Rerunning procedures simply to reformat their output is expensive in terms of computation and/or I/O. Data sets have to be rescanned, analyzes have to be reapplied, etc.. This assumes that it's even possible to rerun the job. If your job uses transient data, then you can't leverage ODS to reformat your output. You're stuck with what you've already generated.
This is where the ODS document comes in. The user may specify to ODS to create an ODS document when generating procedure output. That output will be stored in raw form in the named document, which is managed as a SAS library member. Subsequently the user can browse, edit and rerender (replay) output contained in the document using server-side applications provided especially for that purpose.
The document persists in the SAS system until it or the library containing it is deleted. This means that a document created in the WORK library persists no longer than the SAS session that created it. A document created in the SASUSER library might persist for days, weeks or even forever, in which case it could be considered a permanent archive of procedure output.
The format of the output stored in a document is neutral with respect to any other supported ODS formats. This insures a measure of forward compatibility with any as-yet-uninvented formats that ODS may support in the future. Users wanting to hedge their bets on the Next Big Standard Format will have that option with the ODS document.

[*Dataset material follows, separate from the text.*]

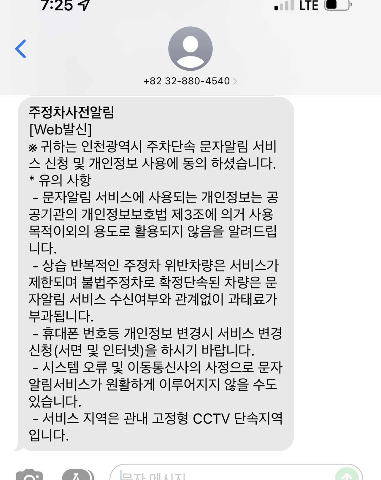 앞으로는 인천광역시 주정차단속 문자알림 서비스를 통해 조금 더 조심하고,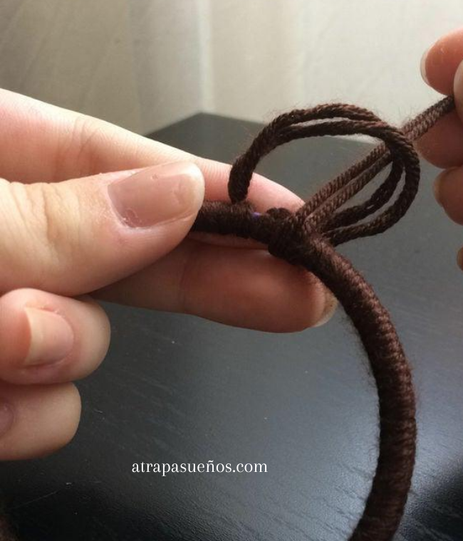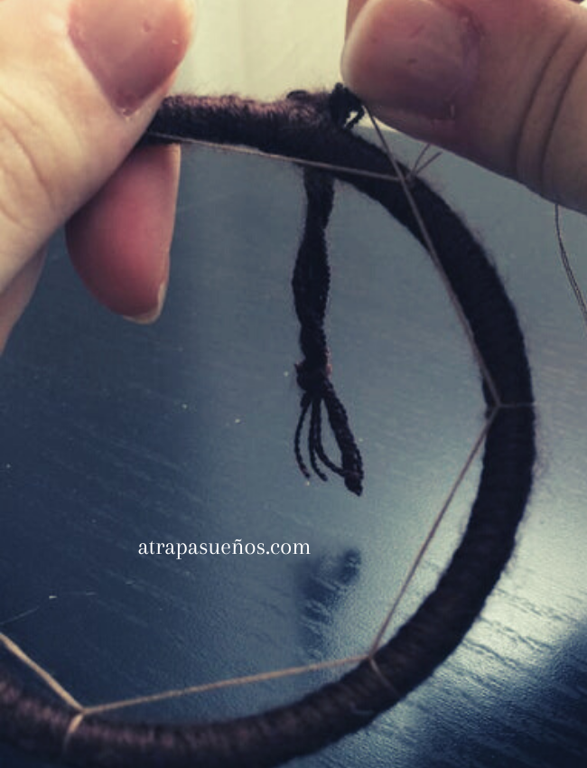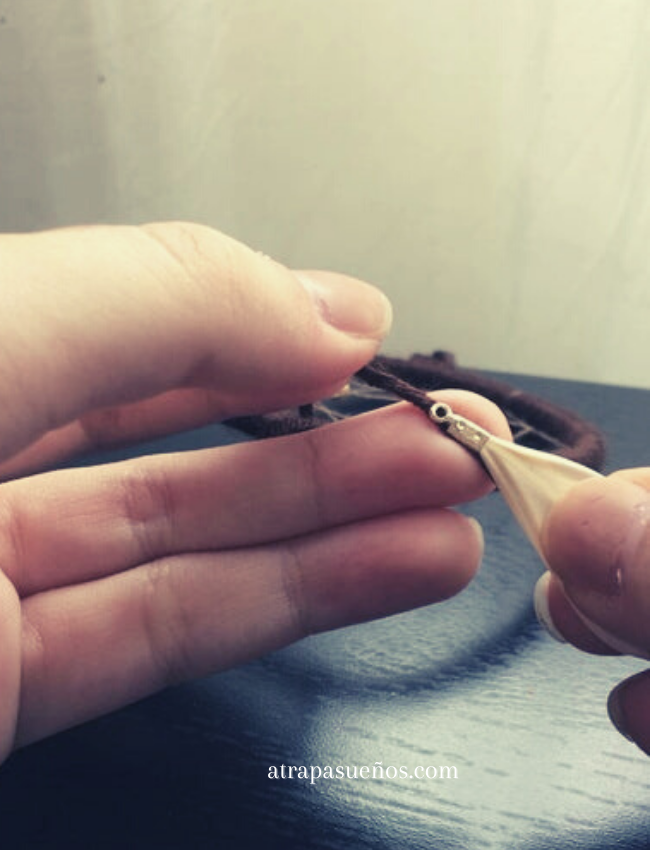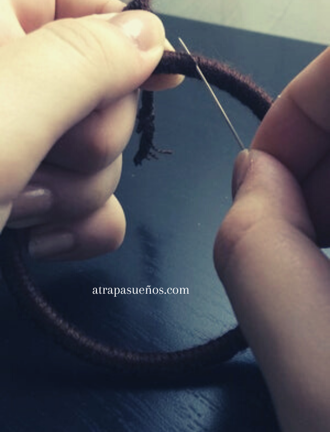 Una vez que llegues al final, aprieta bien la lana para que no se vea ningún hueco ni quede flojo. Que esté bien sujeto al aro.

In Version 6, procedures produce formatted output. In Versions 7 and following, procedures produce output objects. Output objects (tables, graphs, notes, equations) are handed over to ODS for rendering into the formats selected by the user. Each procedure organizes the output objects into a hierarchy. This output hierarchy is presented to users in two ways:
Currently ODS provides the user a great deal of control over the structure of individual output objects. However, the order in which output objects are formatted, and the grouping of output objects into hierarchies, are fixed by the procedure that generates them. Users don't like this inflexibility. They want to customize the arrangement of output objects.
The ODS document improves upon this situation. Users can create their own output hierarchies or modify existing ones. Output objects contained in an hierarchy can be ordered any way the user sees fit. It's even possible in some cases to create a customized hierarchy and ordering apart from any actual output objects.
Does the ODS document capture output perfectly? Does procedure output saved at one time always replay exactly that way later?
Not necessarily. Various factors influencing output fall outside of the document's domain. Among them are:
The document guarantees that all procedure data will be "memorized". There is no provision made for how that data will be presented. This is as it should be, since control of the presentation is the user's prerogative, not ODS'.
Storing the data in its entirety allows you to have your cake and eat it too. Even though your template definition may cause columns in a rendered table to be deleted or merged, you still have all of the data at your disposal.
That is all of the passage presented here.